▶ [Data for review]:
::::::::
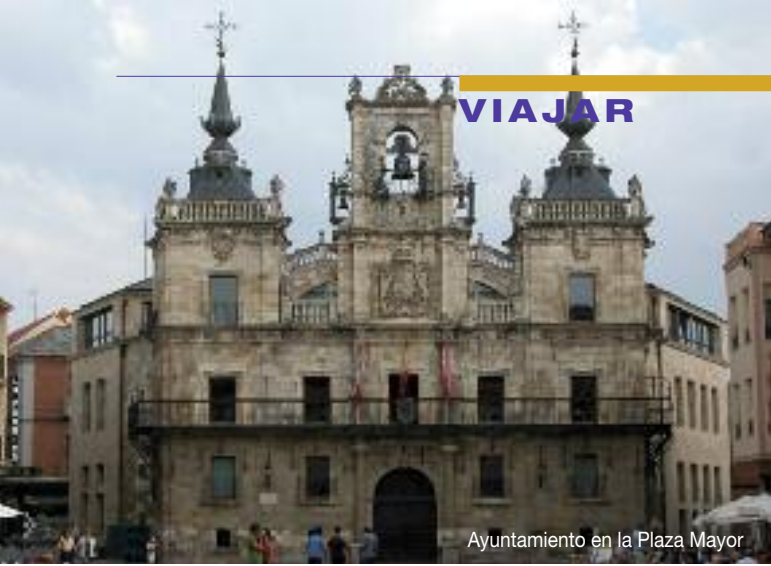
Ayuntamiento en la Plaza Mayor
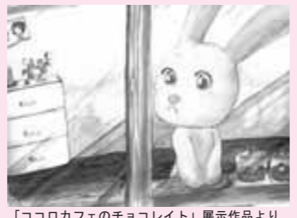
「ココロカフェのチョコレート」展示作品より
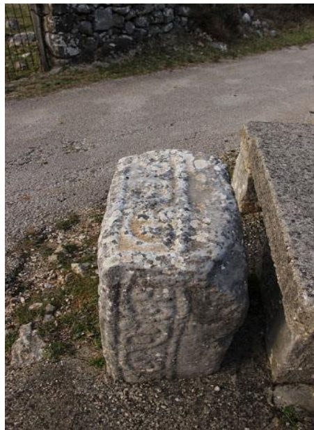
Slika 4. Crkva Male Gospe, Dobranje

Osim spomenutih, važno je istaknuti i lokalitet Grebine, koji se nalazu u blizini Ploča gdje je pronađeno postojanje 8 kamenih gomila i 22 stećka. Od 22 spomenika, 4 su amorfna spomenika, 18 ih je obrađeno u cijelosti ili djelomično. Na Grebinama se nalaze niži oblici stećaka, čija je visina većinom od 20 do 45 centimetara (Šunjić, 2009).
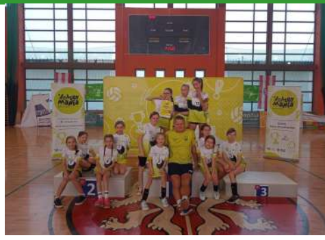
► Zwycięska drużyna

Turniej został rozegrany w hali sportowej w Kątach Wrocławskich. Dziewczęta z klas piątych ponownie pokazały, że są w dolnośląskiej czołówce, stając po raz kolejny na najwyższym stopniu po-
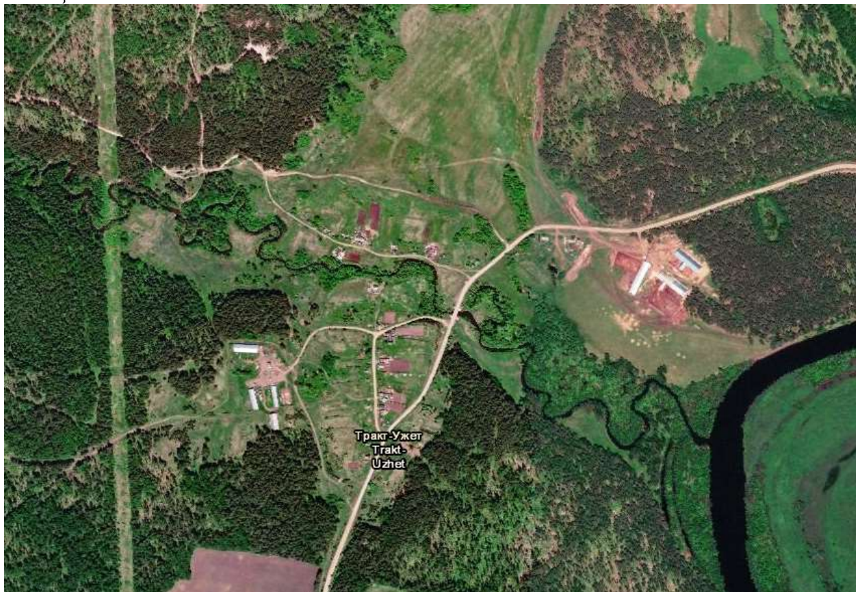
Рисунок 1д.Тракт - Ужет спутниковая карта
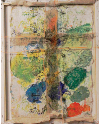
Ukřížování 2019, olej, akryl na plátně a transparentním plátně, 40 x 30 cm
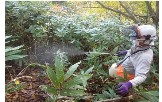
木曾森林管理署（ジラム水和水剤）
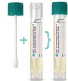
國際標準級·檢體採集棒。
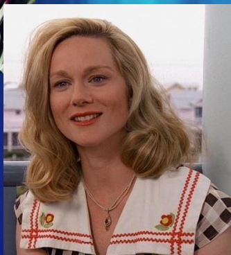
Лора Линни – Мэрил Бёрбанк

Работает страховщиком, его жизнь оказалась настоящим нон-стоп TV шоу
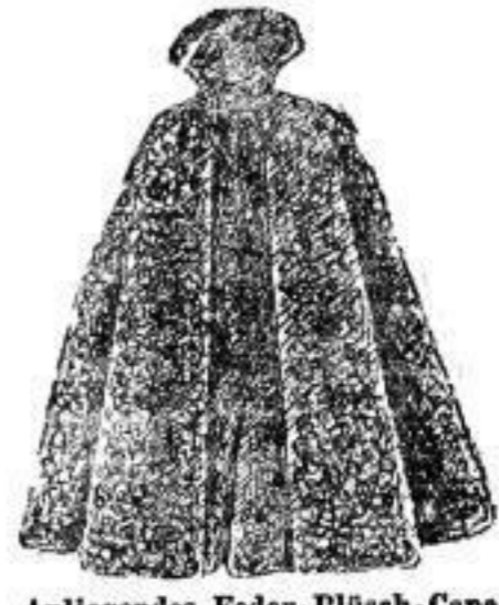
Anliegendes Feder-Plüsch-Cape mit farbigem Seiden-Futter u. 90 cm langen Aermeln. 65 cm lang, Qual. S 2. # 22.— Dasselbe, Qual. S 1, mit schwarzem Seiden- Futter. # 31.— 80 cm lang, Prima-Qual., beste Verarbeitung. # 46.—
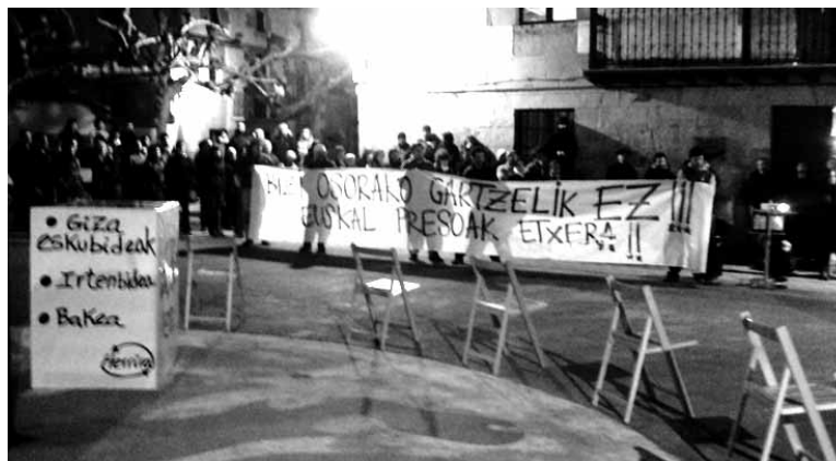
Hainbatetan eskatu da doktrina indargabetzea.

Estrasburgoko epaiaren ondoren, Espainiako Auzitegi Nazionalako Zigor Aretoko epaileen ohiko bilera eginen dute gaur. Erabakia-ekin aske geratu behar duten preso kasuak aztertzen hasiko dute. Presoen abokatuek haiek aske gelditzeko eskaerak aurkeztuak dituzte dagoeneko. Auzitegiak banan-banan aztertuko du preso bakoitzaren eskaera. Ofizios askatzeko aukera ez dirudi gauzatuko denik.
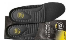
Plantillas extraíbles. Lavable flexible
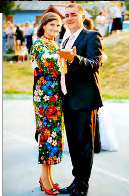
La o nuntă bucovineană
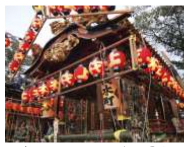
今年の当番町上村木町屋台

4年ぶりの開催（10月8日、9日）に向けて、準備を進めていましたが、新型コロナウイルス感染拡大防止のため、今年も中止としました。
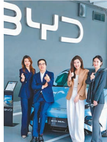
◆和諧汽車香港比亞迪服務中心為車主提供全方位的卓越服務體驗。

放眼未來，和諧汽車在香港的比亞迪售後服務體系將繼續擴展。除了油塘服務中心外，和諧汽車正計劃於荃灣開設全新比亞迪4S服務中心，以滿足九龍西、新界西和港島西區的比亞迪車主需求。同時，和諧汽車亦計劃在沙田大圍開設比亞迪服務中心，服務九龍中部、新界北部和港島中部的車主。隨着和諧汽車在香港的比亞迪售後服務體系的逐步完善，未來和諧汽車的售後服務將覆蓋全港，滿足更多比亞迪客戶需求。
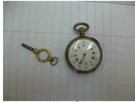
Une montre à gousset
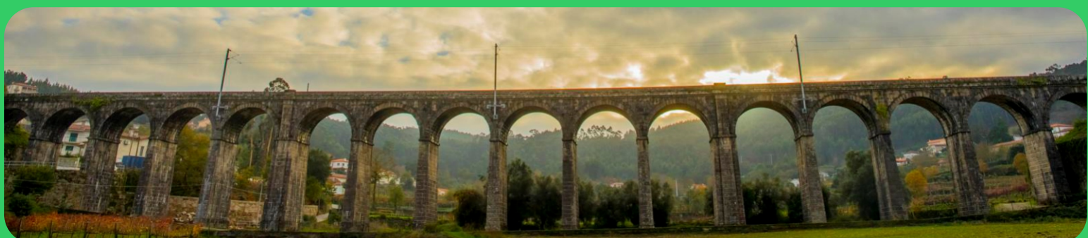
Ponte seca | Seca bridge
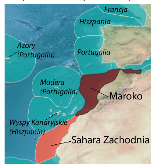
Wody Maroka i Sahary Zachodniej

Źródło danych: dane zaczerpnięte w dniu 28 stycznia 2019 r. z MarineRegions.org . Inne wyłączone strefy ekonomiczne państw przybrzeżnych zaznaczono kolorem zielononiebieskim.
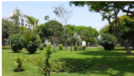
Parque Naciones Unidas
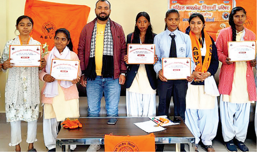
नवीन मेल संवाददाता
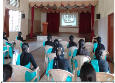
ಪ್ರಶಿಕ್ಷಣಾರ್ಥಿಗಳು “ಕವಿಮನೆ ಯಾನ” ಸಾಕ್ಷ್ಯಚಿತ್ರ ವೀಕ್ಷಿಸುತ್ತಿರುವುದು.
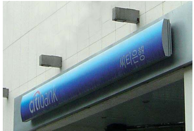
파란색을 사용하여 은행의 신뢰성, 안정성을 표현한 금융업소
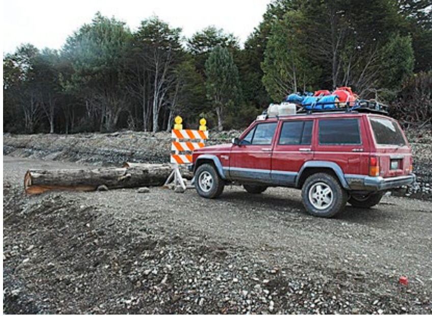
Lenger sør kom vi ikke, ved Fort Bulnes i Patagonia sa det stopp.

trengte hjelp til noe. I så fall var det bare å plinge på døra hans.
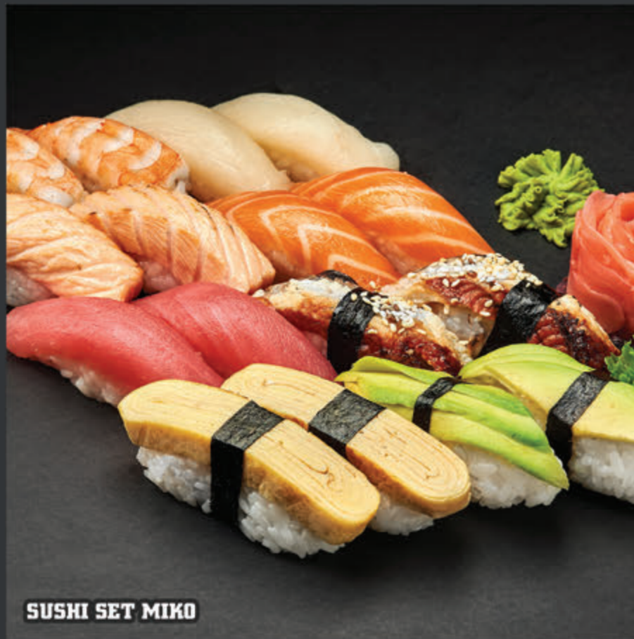
SUSHI SET MIKO
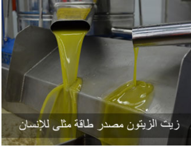
زيت الزيتون مصدر طاقة مثلي للإنسان

أكدت البحوث العلمية الصحيحة التي ظهرت قبل سنوات؛ أن زيت هذه الشجرة وقودٌ للإنسان، بكلِّ ما تعنيه هذه الكلمة من معنى، ففي كلِّ غرام من زيت الزيتون، ثمان وحدات حرارية، تعدُّ طاقةً مثلى للإنسان. قال علماء التغذية: الحوامض الدهنية نوعان؛ مشبعة وغير مشبعة، فالمادة الدسمة المشبعة تبقى عالقةً في الدم،
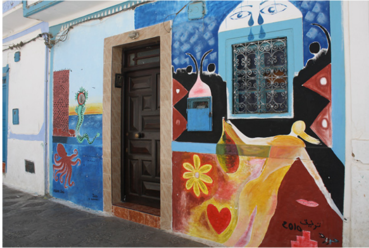
44. Pintura en la calle, Asilah. Septiembre de 2010.
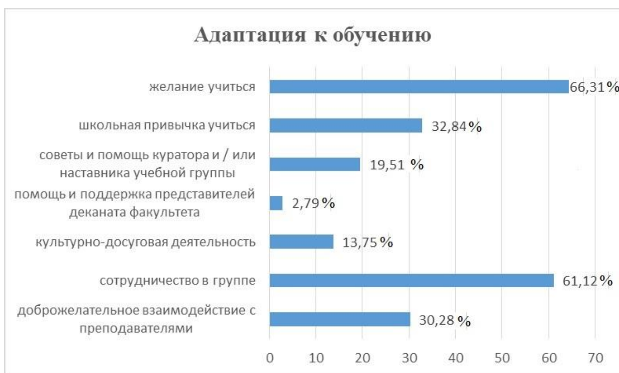
Рис. 3. Кто (что) помогает адаптироваться к обучению?

При анализе поиска решений возникающих проблем подавляющее большинство студентов понимает, что успехи в обучении зависят от них самих – от их отношения к учебе и от количества прилагаемых усилий (66,31%). Желание учиться, создание в группах благоприятной атмосферы, духа сотрудничества, доброжелательное взаимодействие с преподавателями, кураторами групп – все эти факторы отмечены респондентами как благоприятные для их адаптации к новым условиям обучения в университете. Не менее важной для адаптации первокурсников является сформированная школьная привычка учиться (32,84%). Процесс формирования общеучебных умений в школе определяет и способность обучения на следующих этапах образования, какой бы специфики они ни были. Правильно сформированные школьные навыки помогают быстрее и легче адаптироваться к учебной деятельности в новых условиях (рис. 3).
::::::::
Print precisely the lines from the one with "Рис. 3. Кто" through the end of the data above, adding nothing.

▶ [Response to this task]:
Рис. 3. Кто (что) помогает адаптироваться к обучению?

При анализе поиска решений возникающих проблем подавляющее большинство студентов понимает, что успехи в обучении зависят от них самих – от их отношения к учебе и от количества прилагаемых усилий (66,31%). Желание учиться, создание в группах благоприятной атмосферы, духа сотрудничества, доброжелательное взаимодействие с преподавателями, кураторами групп – все эти факторы отмечены респондентами как благоприятные для их адаптации к новым условиям обучения в университете. Не менее важной для адаптации первокурсников является сформированная школьная привычка учиться (32,84%). Процесс формирования общеучебных умений в школе определяет и способность обучения на следующих этапах образования, какой бы специфики они ни были. Правильно сформированные школьные навыки помогают быстрее и легче адаптироваться к учебной деятельности в новых условиях (рис. 3).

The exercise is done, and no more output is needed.